Each slice was independently assessed by two professional pathologists who were blinded to clinical data. The immunoreactivity of P. gingivalis, DOK3, and M2-TAM was measured according to a score that added the intensity of staining to the proportion of positive cells using ImageJ software (version 1.8.0; National Institutes of Health, Bethesda, Maryland, USA) [22].

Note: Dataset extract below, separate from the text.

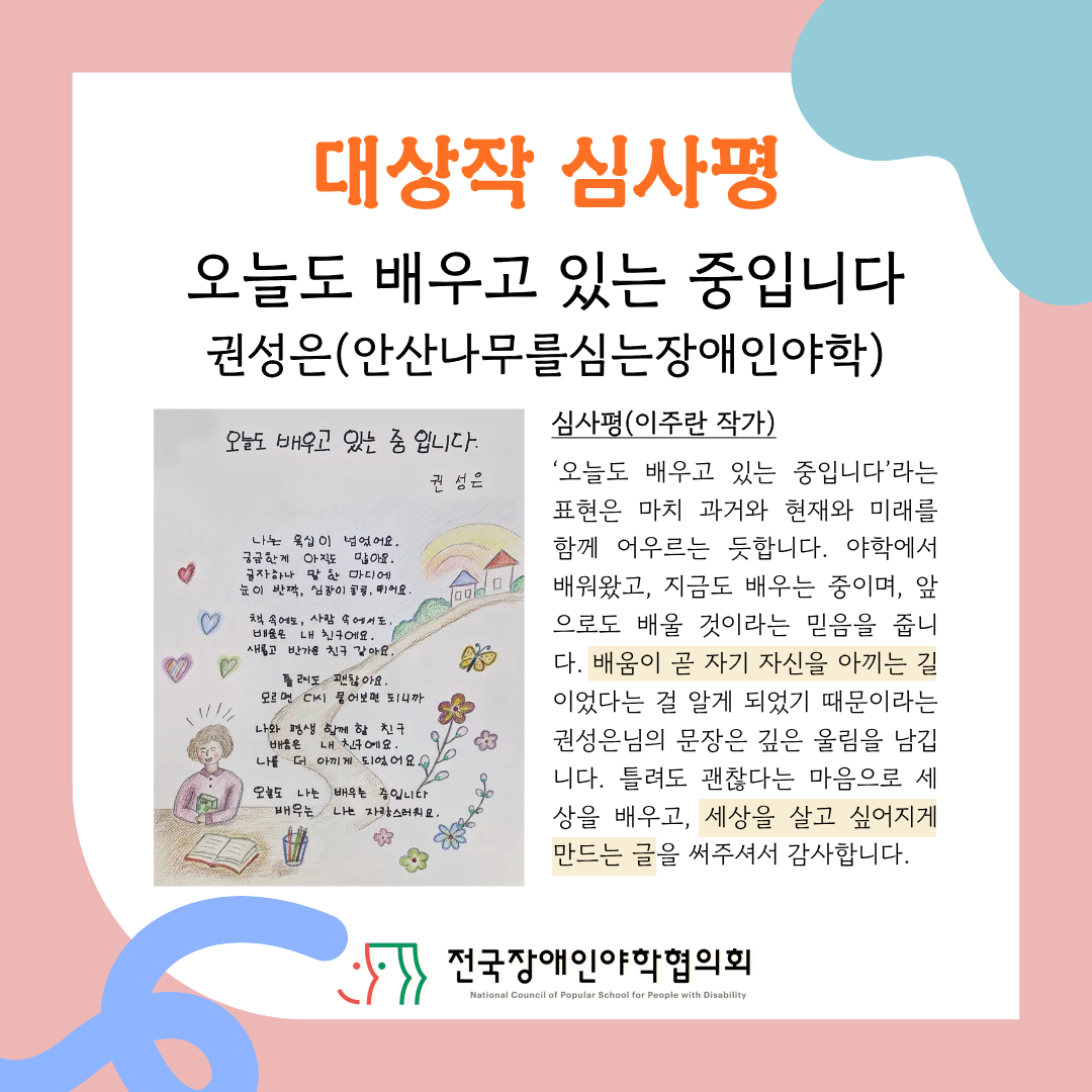 - <오늘도 배우고 있는 중입니다> 권성은(안산나무를심는장애인야학)

Data analysis was performed using R software (version 4.2.2; R Foundation for Statistical Computing, Vienna, Austria). Clinicopathologic characteristics of included patients were described as absolute frequency (percentage), and bivariate analysis to evaluate the association between clinicopathologic variables and P. gingivalis, DOK3, and M2-TAM immunoexpression levels in the tumor microenvironment (TME) of OSCC was determined using the Chi-square or Fisher’s exact test. The correlation between the levels of P. gingivalis, DOK3, and M2-TAM in specimens from patients with OSCC by immunohistochemical staining assays was analyzed using Pearson’s correlation. The Kaplan–Meier method was used to estimate the cumulative survival rate (CSR) probability over 10 years, and the log-rank test was used to compare prognosis among patients. Univariate and multivariate Cox proportional hazards regression models were employed to calculate the relevant hazard ratios (HR) with their 95% confidence intervals (CI). All tests were two-sided and P values less than 0.05 were considered statistically significant.